L’idée était d’écrire sur le régime d’Erdogan et comment on peut nous voler les mots, les vider, les détourner et nous laisser muets et sans moyens. Ainsi, pour dénoncer l’expulsion par l’Autriche d’Imams turcs financés par le régime turc pour faire leur cuisine de propagande en Autriche, le porte-parole d’Erdogan a dénoncé un acte «raciste» et «islamophobe» et a expliqué que «La position idéologique du gouvernement autrichien va à l’encontre des principes du droit universel, des politiques de cohésion sociale, du droit des minorités et de l’éthique de coexistence». Dit par un régime qui a 150 journalistes en prison, des écrivains condamnés à la perpétuité et qui massacre les minorités kurdes (femmes, enfants et civils jeunes) par bombes, par avions et par snipers. Il en devient difficile d’user du mot «islamophobie» pour dénoncer l’islamophobie réelle et d’user du mot «racisme» pour dénoncer le racisme réel quand ils sont volés par des hypocrites. Passons.

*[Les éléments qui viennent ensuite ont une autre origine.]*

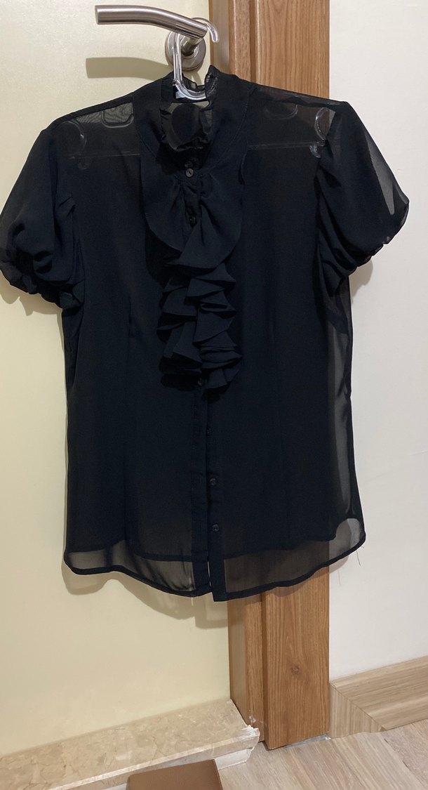 Şifon , kısa kollu siyah bluz. Yüksek yakalı, hafif sentetik kumaştan, bol kesim ve desensizdir. Ofis için uygundur.

Le sujet du jour est le corps. La possibilité du corps, du mouvement, de la réappropriation de l’espace public. Vous ne le savez pas car les médias comme Echourouk n’en parleront jamais, mais des Algériennes et des Algériens ont couru avant-hier à Constantine et à Alger pour soutenir le droit de faire du footing pour les femmes algériennes. Cela s’est fait pour protester contre l’unicellulaire qui a agressé une jeune algérienne qui faisait son jogging à Alger, qui l’a frappée et lui a intimé l’ordre de rejoindre la «cuisine». La jeune fille s’est plainte auprès des gendarmes qui lui ont expliqué que c’était sa faute à elle que de courir dans un pays libre, 56 ans après l’indépendance, après avoir fait la guerre, la résistance, fabriqué le peuple à chaque accouchement et donné son corps et son âme. Des centaines sont venus, ont couru et n’ont pas été inquiétés par le régime et ont résisté au insultes des lâches sur les réseaux sociaux, les misogynes, les vicieux, les radicaux malades et les affreux. C’est donc possible.

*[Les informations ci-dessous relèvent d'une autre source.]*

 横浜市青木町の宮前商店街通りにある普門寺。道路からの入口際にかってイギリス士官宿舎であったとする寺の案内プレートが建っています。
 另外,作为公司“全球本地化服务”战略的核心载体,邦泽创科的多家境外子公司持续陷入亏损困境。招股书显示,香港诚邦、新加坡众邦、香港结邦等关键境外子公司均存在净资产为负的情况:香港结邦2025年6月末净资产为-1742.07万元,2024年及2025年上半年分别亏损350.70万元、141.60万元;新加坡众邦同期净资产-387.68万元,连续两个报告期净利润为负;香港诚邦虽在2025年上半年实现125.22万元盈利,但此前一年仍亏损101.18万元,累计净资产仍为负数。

Il est possible d’avoir un corps en Algérie après la colonisation, l’islamisation et la confiscation. Il est possible de faire quelque chose, de se mobiliser pour un droit malgré l’usage que l’on fait de l’état d’urgence, du trauma de la guerre civile et des islamistes. Il est possible d’être solidaire et c’est ce qui nous manque : la possibilité de surmonter le nucléaire algérien, la dispersion par la matraque ou la rente, la dissociation. Il est possible de se regrouper pour la bonne cause, pour une vie et pas seulement pour enterrer, prier et crier dans les stades, ou s’avachir sur les trottoirs et courir vers les mosquées pour tromper son dieu par son assiduité. Le corps algérien a le droit de courir et il peut se rassembler, par centaines, pour réclamer son droit au corps.

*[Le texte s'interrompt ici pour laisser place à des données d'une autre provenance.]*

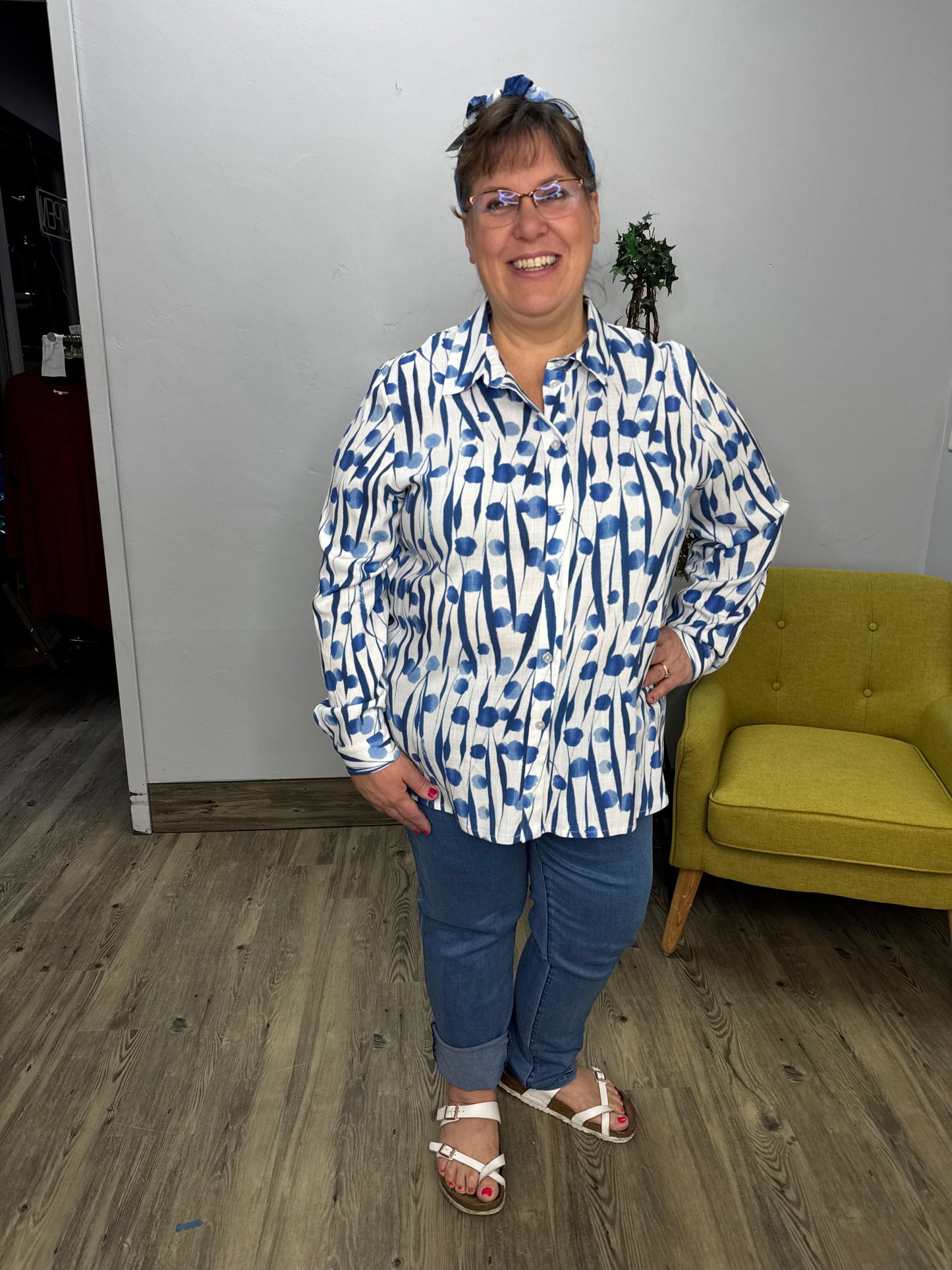 Blue Dots Pattern Long Sleeve Button Down Collared Top

Car le corps est interdit et reclus. Il est dévalorisé par le culte des martyrs qui n’en possèdent plus et nous culpabilisent, nous dit-on presque, parce que nous en avons un. Il est méprisé par les propriétaires exclusifs de l’islam privatisé qui lui préfèrent l’ablution, la vie après la mort, la culpabilité et la position de l’attente d’un jugement dernier. S’il est féminin, c’est encore pire : au culte du martyr et de l’au-delà et de l’état d’urgence, il faut ajouter le machisme. Le corps, dans le cas de la femme, passe alors du statut de cadavre à celui du crime. Tout est contre le corps chez nous et tout vous pousse à le trahir ou l’abandonner en Algérie : l’état d’urgence, l’état islamique, l’état sans Etat quand des gendarmes refusent de vous protéger en enregistrant votre plainte.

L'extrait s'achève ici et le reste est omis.